Thursday 29 September 2016

Direct-to-Consumer Pharmaceutical Marketing (DTCPA) and its implications for drug companies and patients

One of the grey areas that the FDA regulates, but not with the same degree of stringency as it does many pharmaceutical and healthcare products is Direct to Consumer (DTC) marketing. As the name suggests, Direct to Consumer or Direct to Consumer Pharmaceutical Advertising (DTCPA) is a form of marketing in which pharmaceutical companies advertise to its consumers directly over the media such as television and radio. It has gained such prominence and popularity that it is considered the most prevalent form of communication from the medical profession to patients in the US today.
The US is considered the only country, other from New Zealand, to allow pharmaceutical companies to use DTCPA to make claims on the product. The contrast in the situations in these two countries cannot be more glaring, since New Zealand has less than 1.5 percent of the population in the US! In the US, DTCPA is a huge medium, since it is the world’s leading market for healthcare and is also a very consumerist and beauty and health conscious society.
Although around as a medium of marketing since at least 1985; DTCPA emerged as a major force for healthcare and pharmaceutical products promotion around 12 years later, when the FDA decided to relax its rule that made it obligatory for pharmaceutical companies to publish detailed information about the side effects of their products. An idea of how much change this small relaxation has brought about into the industry can be gauged from the fact that as much as $ five billion is spent in the US annually on DTCPA.

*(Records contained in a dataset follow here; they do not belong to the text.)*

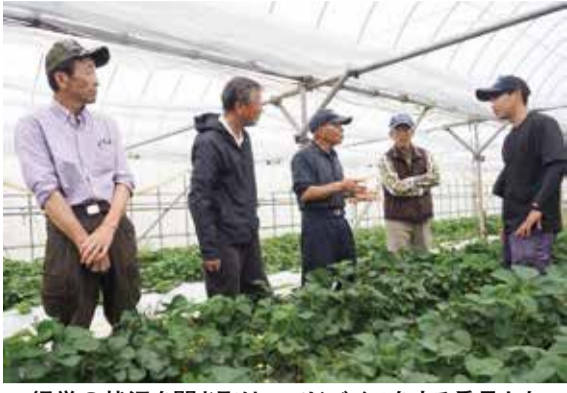
経営の状況を聞き取り、アドバイスをする委員たち

は気軽に声掛けできる」「就農して利益を出していくのは本当に変なこと、多くの人の支援が不可欠」「効率化のため、農地の集約化を支援していきたい」などと、支援の必要性を実感していました。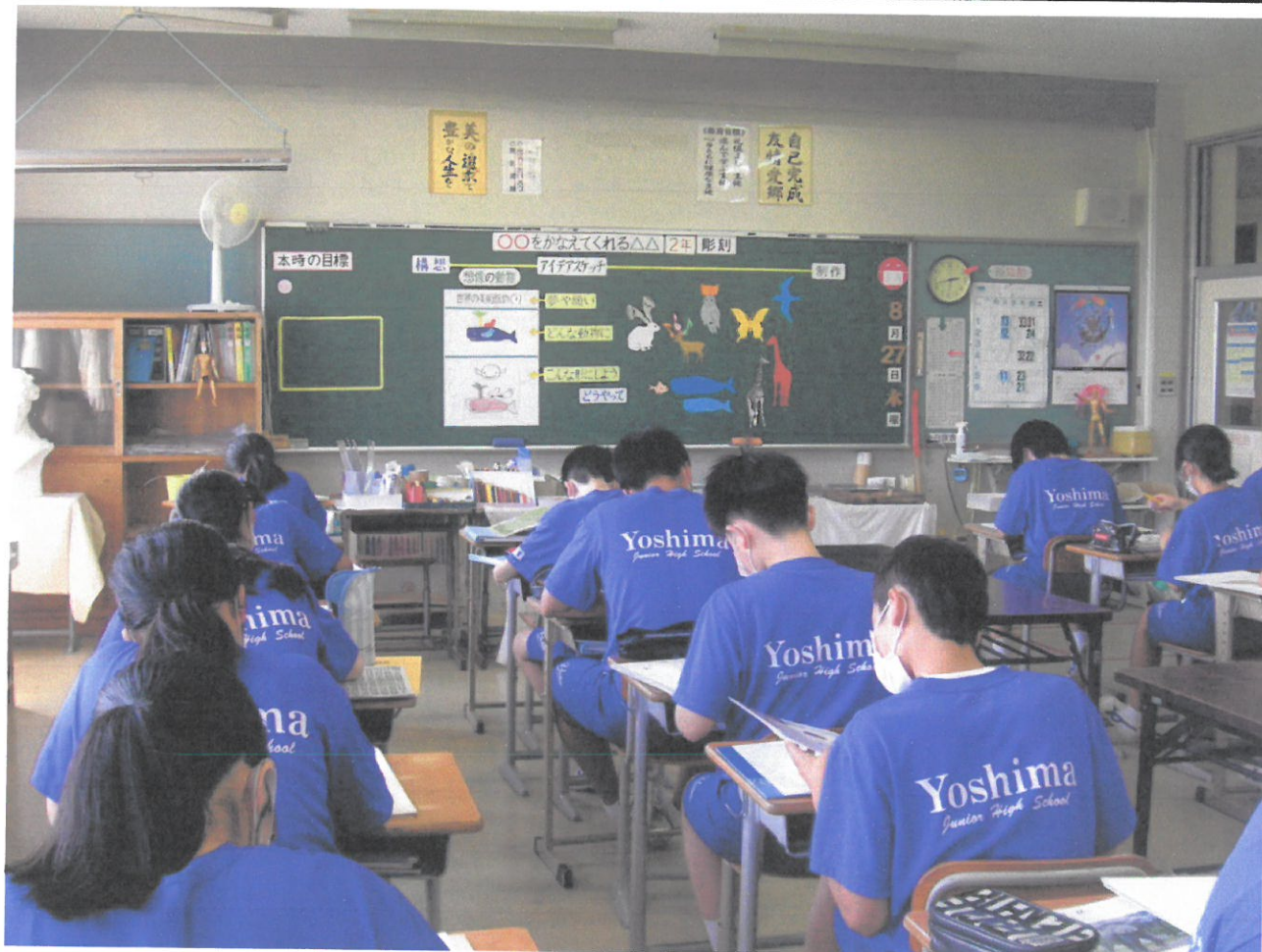
2学期を迎え、美術では新しい題材に取り組みます。(1組 8月27日)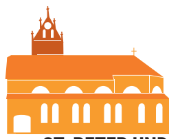
ST. PETER UND PAUL REUTE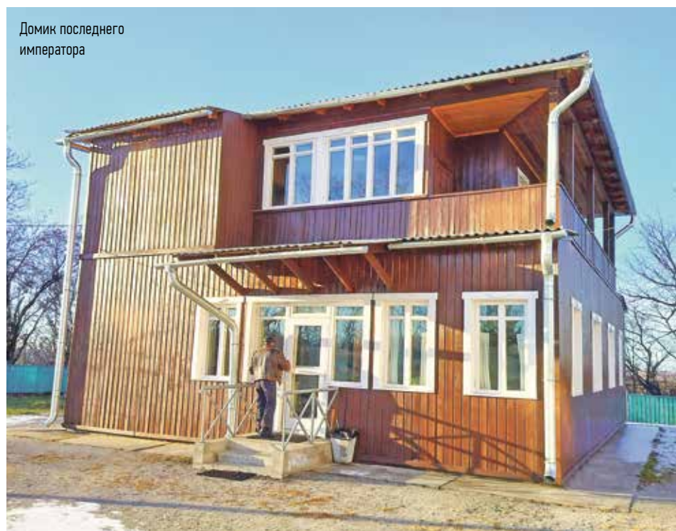
Домик последнего императора

В окрестностях Хабаровска открылся музейный комплекс «Последний император». Он расположен в здании, которое находится рядом с современной базой отдыха «Заимка Плюсина». Именно там в послевоенные годы содержался последний император Китая Айсингёро Пу И. На нём прервалась многотысячелетняя история монархии в Поднебесной. И краевая столица сыграла в этом важную роль. До сих пор наша земля хранит тайны венценосного семейства. Говорят, где-то там до сих пор спрятаны сокровища императорского двора!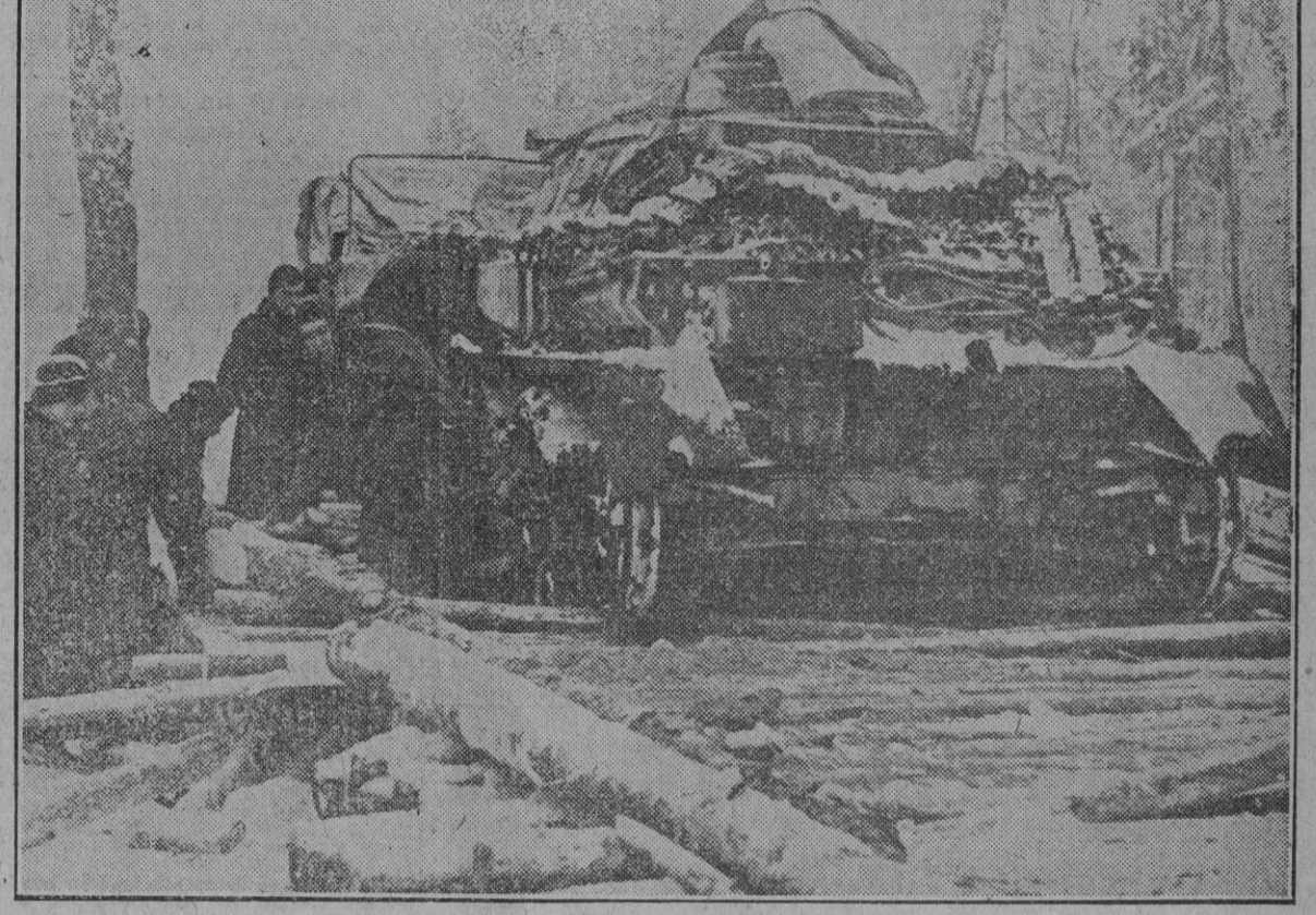
Para sacar de su inmovilidad a este tanque ruso capturado los soldados del Reich han tendido un puente de maderos que facilite su deslizamiento, no obstante la rotura de las cadenas de transmisión. (F. Weltbild.)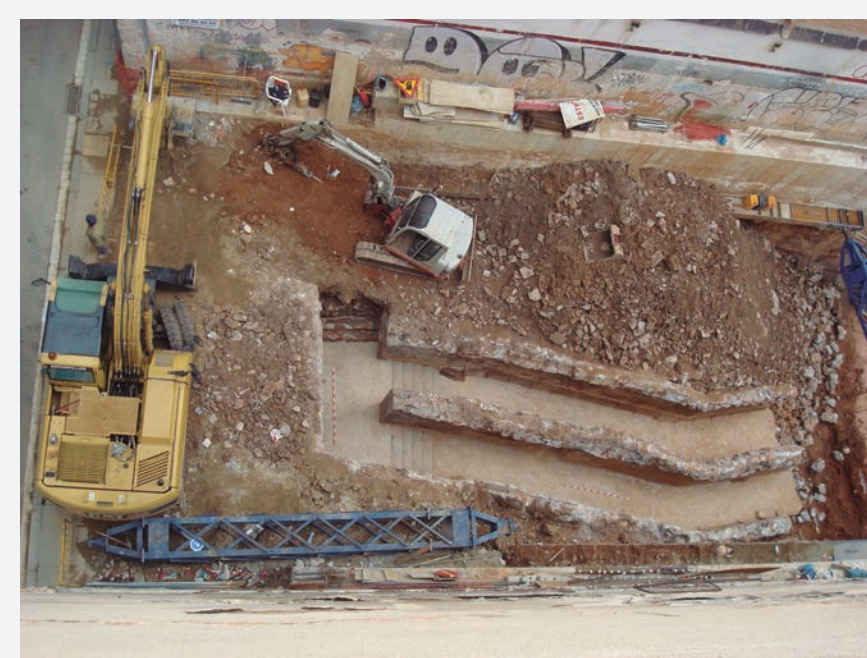
7. L'entrada al refugi pel C/ Riereta amb les escales fent zig-zaga.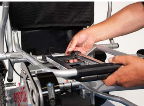
Figure 3 : Insertion des vis

Pour monter la poignée du trolley sur le fauteuil roulant, insérez d'abord les quatre vis jointes à l'avant et à l'arrière du fauteuil roulant dans les trous prévus à cet effet (voir figure 3 ). Prenez ensuite l'un des écrous fournis dans le paquet et tournez-le autour de la vis par le bas comme indiqué sur la figure 4 .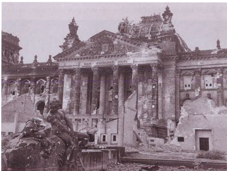
Здание Рейхстага. 3 июля 1945 г.

The arguments in factor of DTCPA
Direct to Consumer Pharmaceutical Advertising is both strongly defended, if not glorified or revered, and reviled for what it does to the consumer, the pharmaceutical company, and the healthcare sector as a whole.
One of the main arguments in factor of DTCPA is that American society is highly educated and can easily discern whatever information is fed to them. In such a knowledge-driven, knowledge-oriented nation as the US, it is an anachronism of sorts if all channels of information and marketing are open, but only that of pharmaceuticals and healthcare is not.
Proponents of the concept of DTCPA argue that just as advertising for most other products do not automatically result in purchases, the same goes for Direct to Consumer Pharmaceutical Advertising. Only because these wares are being advertised doesn’t mean that people will automatically buy them and start using them blindly without examining the side effects, efficacy and a whole host of attributes that they would if the products were advertised through other mediums.
What the consumerist society needs
For pharmaceuticals, Direct to Consumer Pharmaceutical Advertising is a very strong tool for giving their products a fillip, because in economies such as the US, in which there is a high level of consumer awareness, the endorsement of a brand by a practitioner or a popular character will have the effect of spurring them to ask for the product either with their own physician or practitioner or at the retail outlet at which they buy their pharmaceutical products. In this way, both the practice’s and the retailer’s business goes up.
Major arguments against Direct to Consumer Pharmaceutical Advertising
Another point that opponents of the idea of DTCPA put forth is that by resorting to this medium, pharmaceutical companies may be lining their pockets, but mainly at the expense of the consumer. DTCPA is a contributor to the American economy since it boosts the level of prescriptions and triggers sales of products, but the big question is what kind of products are bought on account of DTCPA. Are these the products that the consumers need? By motivating the consumer to buy mostly unnecessary products, this advertising medium makes an already consumerist economy spend even more on products that are mostly unwanted and serve nothing more than just cosmetic purposes.
This means that the American healthcare sector is bloating more with the use of such products, making the hardworking taxpayer pay for this massive sector, rather than increase awareness of the products nationally. This defeats the purpose of healthcare, which should be about improving the quality of life, instead of splurging on peripheral needs.
A very important point that those who oppose DTCPA offer is that there is almost no way by which the claims made by these ads can be verified. In a popular episode, a medical practitioner was attributed as being the author of a breakthrough study on the ill effects of cholesterol. The call for using a cholesterol lowering drug made by this practitioner had a big effect on the sale of the drug across the US. It later turned out that not only was the report wrongly attributed to the said practitioner; he was not even an authorized practitioner.
Promoting over-the-counter drugs and products
Opponents of DTCPA have another couple of strong points to denounce this practice. They think that these ads promote the use of non-label or over-the-counter drugs, whose efficacy is always debatable. They also believe that this medium reduces pharmaceutical products to the level of any other consumer item with largely misleading information about products that are not absolutely necessary, often promoted by celebrities who have no clue about the real value of the product.
The FDA is seen as being lax when it should be a lot more proactive in this area. This regulatory authority, on its part, says that it is on vigil, carrying out periodic surveys with consumers to gauge the effect of these ads on their buying patterns and of course, health.